Data records: Begin

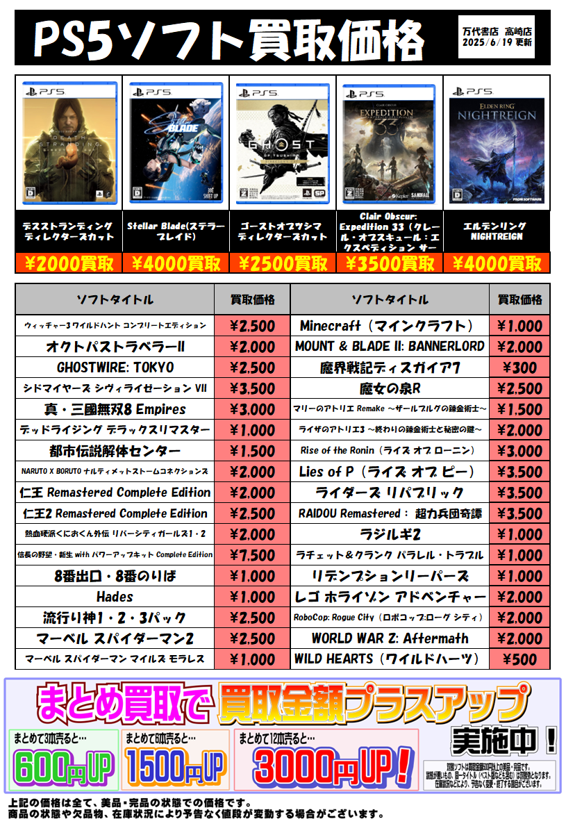 2025.06.19 緊急買取告知! takalab_2 ★PS5ソフト買取告知★ ★買取情報★ ※2025/6/19現在の価格となります。 在庫状況・状態によってお値段が変動いたします。予めご了承ください。 ************************************** ⇩その他買取情報はこちら⇩ ★万代書店高崎店WEBチラシ★ ⇩最新のイベント情報はこちら⇩ ★万代書店高崎店イベントカレンダー★ コメントを残す コメントをキャンセルメールアドレスが公開されることはありません。 ※ が付いている欄は必須項目ですコメント ※ 名前 ※ メール ※ サイト 新しいコメントをメールで通知 新しい投稿をメールで受け取る Δ
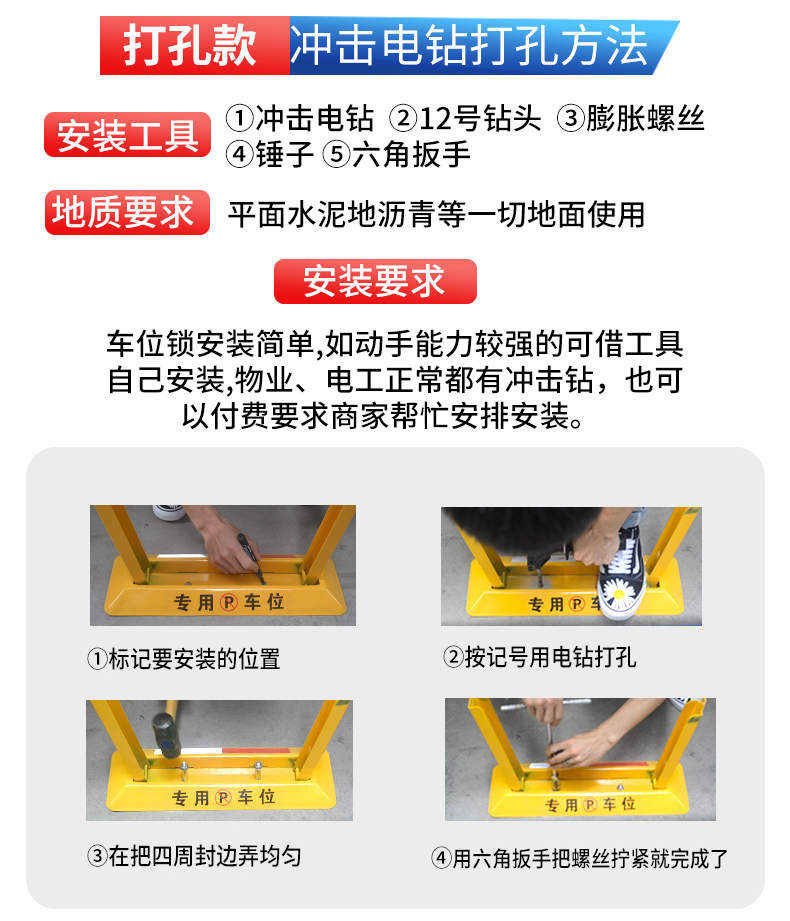 지상 잠금 장치, 주차 공간 잠금 장치, 펀치 없는 주차 공간, 지상 말뚝, 절차 방지, 두꺼운 충돌 방지 삼각형 자동차 차단 장치, Changling스토어 가기
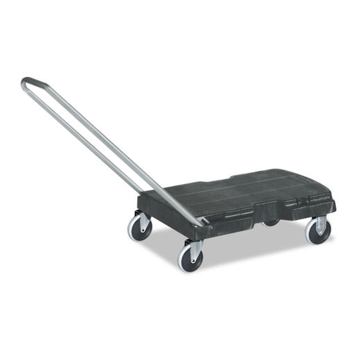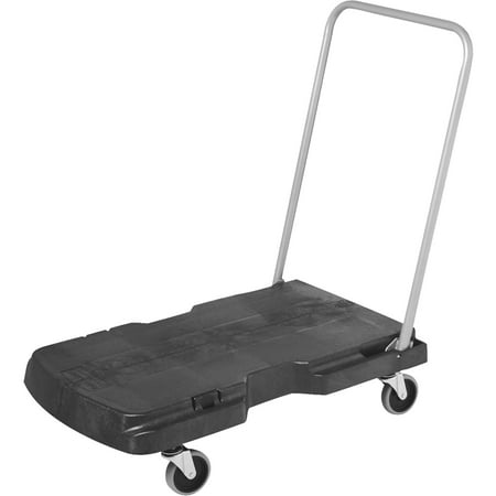 The Rubbermaid Triple Trolley features a 3-position handle and a non-skid platform. The handle lets you push, pull or fold flat the trolley, while the platform helps prevent load shifting. The trolley collapses and folds for storage purposes. Structural foam deck resists rust, dents, chipping and peeling. Highlights: P
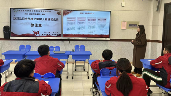 12月15日,中国石油大学(华东)太阳成集团tyc9728在读研究生徐佳慧为西海岸新区竞技体育学校40余名师生进行了“弘扬爱国主义精神,做新时代的忠诚爱国者”的主题宣讲。徐佳慧从什么是爱国主义精神入题,对爱国主义的定义及要求给予了详细的解读,并结合习近平总书记的重要讲话内容进行了针对性地讲解。整场宣讲将案例与理论相结合,激励青少年学生要用实际行动做新时代忠诚的爱国者,发扬吃苦耐劳的精神,练好专业技能的同时也要学好文化知识,为将来建设祖国做好准备。
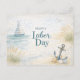 Dieses ruhige Labor-Day-Design beschwört die Ruhe eines ruhigen Küstenaufenthalts herauf und symbolisiert die Erholung nach harter Arbeit. Vor einem sanft texturierten, sonnengewaschenen Hintergrund erscheint die Botschaft „Happy Labor Day“ in zarter blauer Schrift, umgeben von friedlichen Meeresbildern. Ein Segelboot treibt über das ruhige Wasser unter fliegenden Möwen, während Strandgräser, Muscheln, ein Seestern und ein seilumwickelter Anker am Ufer liegen. Die gedämpfte Farbpalette und die luftige Komposition schaffen eine beruhigende, reflektierende Stimmung – perfekt, um den Labor Day als einen Moment wohlverdienter Entspannung am Meer zu feiern.
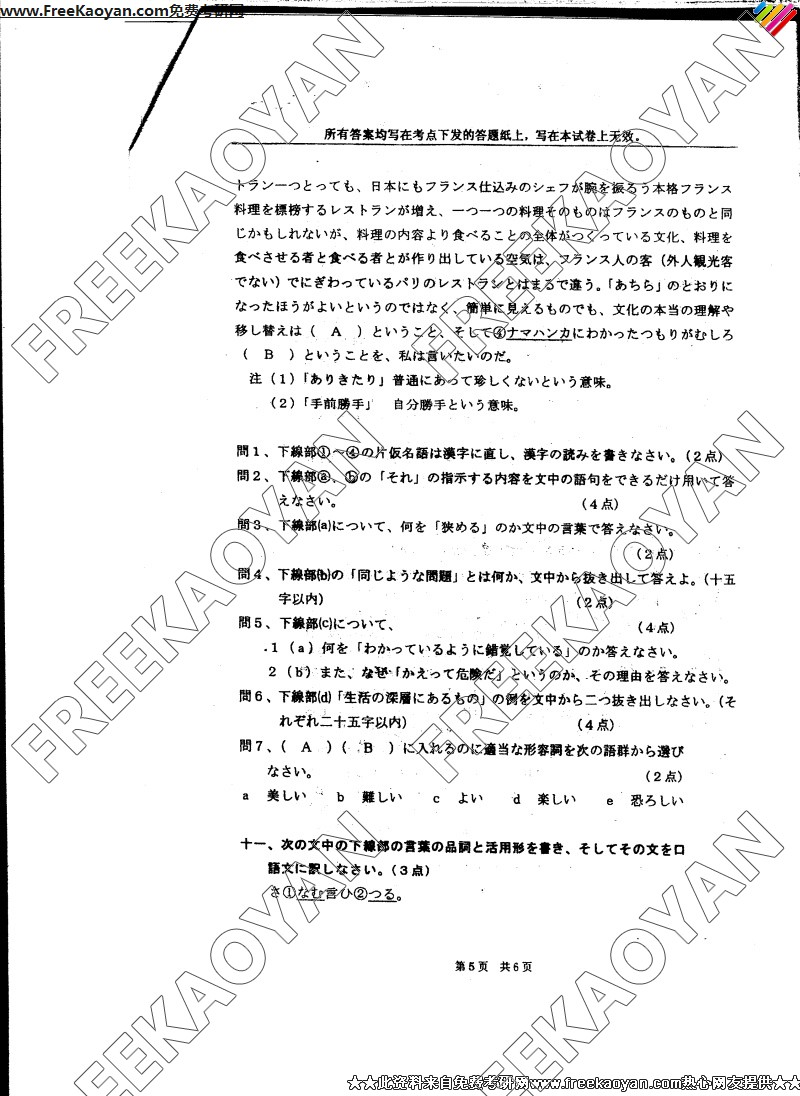 专业课考研经验 本站小编 FreeKaoyan 2018-01-23上海外国语大学2005年考研真题-综合考试(日语语言文学)

Data records: End

**Work item:**
Transcribe the records above verbatim. Do not carry over any picture.

**Response to the task:**
 2025.06.19 緊急買取告知! takalab_2 ★PS5ソフト買取告知★ ★買取情報★ ※2025/6/19現在の価格となります。 在庫状況・状態によってお値段が変動いたします。予めご了承ください。 ************************************** ⇩その他買取情報はこちら⇩ ★万代書店高崎店WEBチラシ★ ⇩最新のイベント情報はこちら⇩ ★万代書店高崎店イベントカレンダー★ コメントを残す コメントをキャンセルメールアドレスが公開されることはありません。 ※ が付いている欄は必須項目ですコメント ※ 名前 ※ メール ※ サイト 新しいコメントをメールで通知 新しい投稿をメールで受け取る Δ
 지상 잠금 장치, 주차 공간 잠금 장치, 펀치 없는 주차 공간, 지상 말뚝, 절차 방지, 두꺼운 충돌 방지 삼각형 자동차 차단 장치, Changling스토어 가기
 The Rubbermaid Triple Trolley features a 3-position handle and a non-skid platform. The handle lets you push, pull or fold flat the trolley, while the platform helps prevent load shifting. The trolley collapses and folds for storage purposes. Structural foam deck resists rust, dents, chipping and peeling. Highlights: P
 12月15日,中国石油大学(华东)太阳成集团tyc9728在读研究生徐佳慧为西海岸新区竞技体育学校40余名师生进行了“弘扬爱国主义精神,做新时代的忠诚爱国者”的主题宣讲。徐佳慧从什么是爱国主义精神入题,对爱国主义的定义及要求给予了详细的解读,并结合习近平总书记的重要讲话内容进行了针对性地讲解。整场宣讲将案例与理论相结合,激励青少年学生要用实际行动做新时代忠诚的爱国者,发扬吃苦耐劳的精神,练好专业技能的同时也要学好文化知识,为将来建设祖国做好准备。
 Dieses ruhige Labor-Day-Design beschwört die Ruhe eines ruhigen Küstenaufenthalts herauf und symbolisiert die Erholung nach harter Arbeit. Vor einem sanft texturierten, sonnengewaschenen Hintergrund erscheint die Botschaft „Happy Labor Day“ in zarter blauer Schrift, umgeben von friedlichen Meeresbildern. Ein Segelboot treibt über das ruhige Wasser unter fliegenden Möwen, während Strandgräser, Muscheln, ein Seestern und ein seilumwickelter Anker am Ufer liegen. Die gedämpfte Farbpalette und die luftige Komposition schaffen eine beruhigende, reflektierende Stimmung – perfekt, um den Labor Day als einen Moment wohlverdienter Entspannung am Meer zu feiern.
 专业课考研经验 本站小编 FreeKaoyan 2018-01-23上海外国语大学2005年考研真题-综合考试(日语语言文学)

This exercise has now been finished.